TelemetryIntervalMs is the snapshot cadence. With 50, the snapshot publisher tries to publish one TagSnapshot every 50 ms. With 200, it publishes every 200 ms.

This setting does not mean every tag emits every 50 ms. It means the producer freezes whatever the latest value is for each tag every 50 ms and sends that frozen map to the consumer.

Change The Tags

Edit Simulator:Tags:

json
{
  "Name": "vacuum.chamber.pressure.bar",
  "Unit": "bar",
  "IntervalMs": 50,
  "Noise": {
    "Kind": "Sine",
    "Baseline": 1.0e-6,
    "Amplitude": 5.0e-8,
    "PeriodMs": 30000
  }
}

Each tag has:

  • Name: the stable key used in dictionaries, metrics, and UI lookups
  • Unit: display/engineering metadata
  • IntervalMs: how often that tag's own emitter tries to produce a sample
  • Noise: how the simulator calculates values over time

The validator enforces the guardrails:

  • names cannot be empty
  • names must be unique
  • IntervalMs must be between 2 and 1000
  • Noise.Kind must be Sine, Drift, RandomWalk, or Step
  • required noise parameters must be present

Keep temperature.celsius and pressure.bar unless you also update the UI projection and tests. Those names are reserved because MainViewModel reads them directly for the current telemetry text. The seed configuration and spec keep them present, but the current validator does not enforce those two names by itself.

Tag definitions are built once when SimulatedTagSource is constructed. If you change the tag list in appsettings.json, restart the app. Runtime profile selection changes the snapshot rate, but it does not rebuild the tag registry or per-tag emit intervals.

A Sample's Journey Through The App

Let us follow one value, temperature.celsius, from configuration to the text on the screen.

First, configuration binding creates mutable options objects:

  • SimulatorTagsOptions
  • SimulatorTagOptions
  • NoiseOptions

Options classes are intentionally plain mutable objects because configuration binding needs to set their properties. They are not the runtime domain model.

During SimulatedTagSource construction, each options entry is converted into a domain record:

  • TagDefinition
  • one NoiseModel variant, such as SineNoise

That conversion step matters. The runtime code does not keep asking "which JSON fields were present?" It works with a typed model.

Then the source starts one task per tag. The temperature.celsius emitter owns:

  • its own Random instance
  • its own double state for stateful noise, such as random walk
  • its own fixed delay interval from TagDefinition.IntervalMs

The loop is simple:

  1. Wait for the tag interval with Task.Delay(interval, ct).
  2. Get the current UTC time.
  3. Evaluate the noise model.
  4. Optionally skip the publish if TelemetryDropoutChance says to simulate dropout.
  5. Create a TagSample.
  6. Write that sample into _latestValues["temperature.celsius"].
  7. Increment samples.ingested{tag.name="temperature.celsius"}.

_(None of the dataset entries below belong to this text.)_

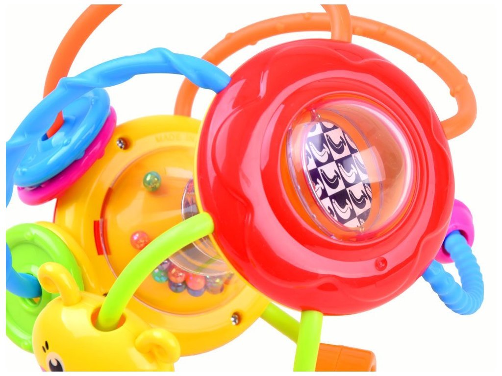 Chrastítko jako barevná koule je určena pro nejmenší děti, které poznají svět kolem sebe. Koule je vybavena mnoha funkcemi, které pozitivně ovlivní pohybové schopnosti batole, a barvy a tvary vzbudí zvědavost dítěte. Hračka je vyrobena z vysoce kvalitních materiálů, pečlivě dokončena, takže zábava je zcela bezpečná.
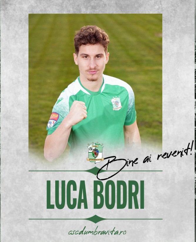 Prin urmare telefonul de la Dumbrăvița a sunat din nou, iar el a răspuns fără să stea pe gânduri. Luca Bodri mai evoluase în tricoul „alb-verde” între 2021 și 2023. În sezonul promovării istorice a Dumbrăviței în eșalonul secund a marcat 6 goluri în 28 de apariții, după care, în primul campionat de Liga a 2-a disputat de trupa de Cosmin Stan a înscris o singură dată în 21 de jocuri.
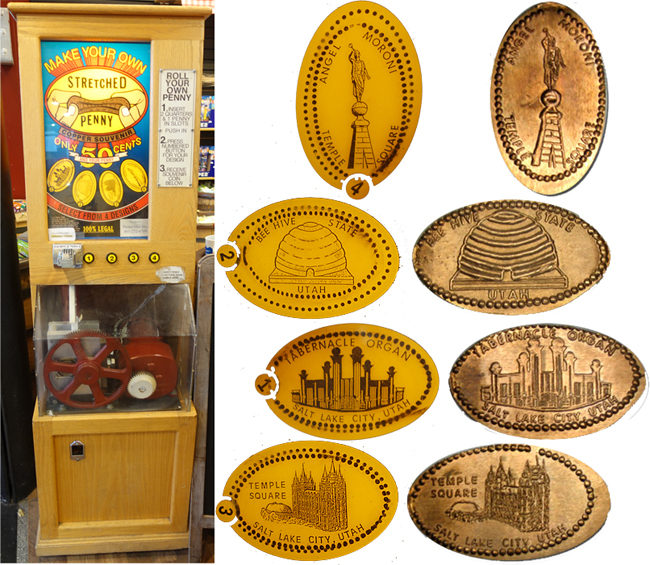 Moved 1: (Moved here 7/2020) is inside to the left of the entrance door. Cost to press: 51¢ each design. Designs all have a beaded border:
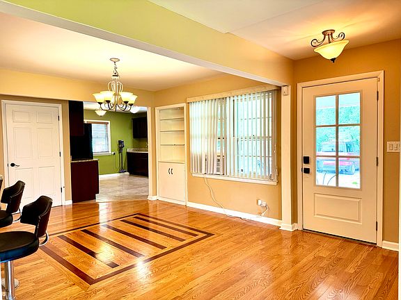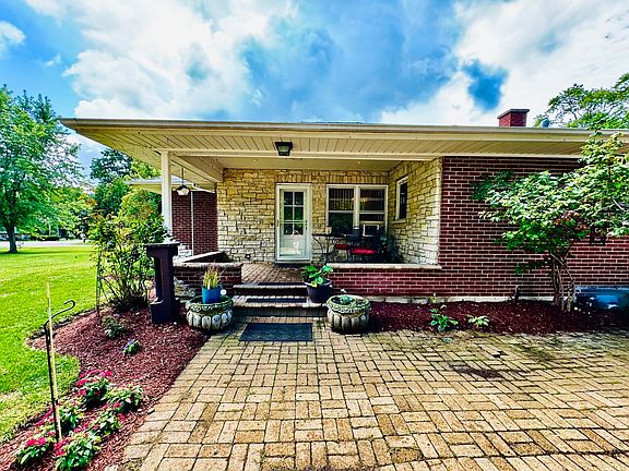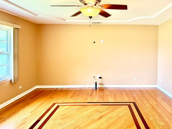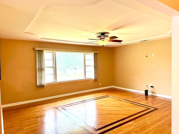MULTIPLE OFFERS RECEIVED, H&B DUE EOD 8/20 Welcome to this charming full brick ranch-style home, perfectly situated near I-88 and the Chicago Premium Outlets. With exciting developments on the horizon, including a new land-based Hollywood casino and hotel. As you arrive at this inviting property, you'll be greeted by a beautifully crafted white stone-covered front porch. Step inside to discover an open floor plan featuring a generously sized living room and formal dining area, complete with a built-in bar that's perfect for entertaining guests. The home is adorned with oak wood floors throughout, highlighted by cherry wood floor inlays. The spacious kitchen offers ample room for a small table and featuring custom cherry wood cabinets, granite counters and a convenient built-in desk. The main floor also includes an oversized master bedroom suite with a two-person jacuzzi tub, which could easily be converted into two separate bedrooms to suit your needs. The main floor bathroom is thoughtfully designed with a walk-in shower and a built-in vanity and a Hollywood mirror. The partially finished basement extends the living space, offering two additional bedrooms, a laundry closet, and a full bathroom with a walk-in shower. The open area previously featured a wet bar and kitchenette, providing a blank canvas for the new owners to add their personal touch. Step outside to the expansive backyard, where you'll find a huge patio partially covered with a pergola, a custom brick wall, and a bonfire pit that's just waiting to be rejuvenated. The backyard directly backs up to Church Road Park, offering convenient access to walking paths, baseball field, and park. For added convenience, the property includes a detached two-car garage with additional covered storage space behind, ideal for keeping your outdoor gear and tools organized
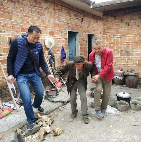 禮部村敬老院的五保戶謝奢(91歲),是鄧校長一對一的幫扶對象,他開心俏皮像個頑童,逗得大家開懷大笑,執(zhí)意要帶大家出門口看他的劈柴技術。
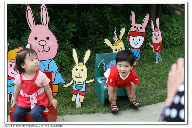 四人的合照真的很難,尤其大大很難控制靜靜的坐好,一下子跟姐姐搶玩偶,一下子站起來碰相機,換了位子還要弄一下姊姊,哼~就因為他是男生嗎?

The producer does not push every sample directly to AppState. Instead, it writes the latest value into a per-tag cell held by a ConcurrentDictionary<string, TagSample>.

That cell-store is like a live instrument panel inside the producer. Each tag owns its own little box. A high-rate tag may replace its own box many times before the app takes the next snapshot. That is expected.

A separate publisher task wakes up at the active profile's TelemetryIntervalMs. It copies the current cells into an ImmutableDictionary<string, TagSample> and wraps that in a TagSnapshot.

Then it writes the snapshot into a bounded channel:

csharp
Channel<TagSnapshot> capacity = 1
FullMode = DropOldest

That channel has one job: keep the newest complete telemetry picture available to the consumer. If the consumer is late, the stale snapshot is replaced. Operator telemetry cares more about freshness than replaying old readings.

TagStreamPipelineService is the only consumer. It uses:

csharp
await foreach (var snapshot in _source.Reader.ReadAllAsync(stoppingToken))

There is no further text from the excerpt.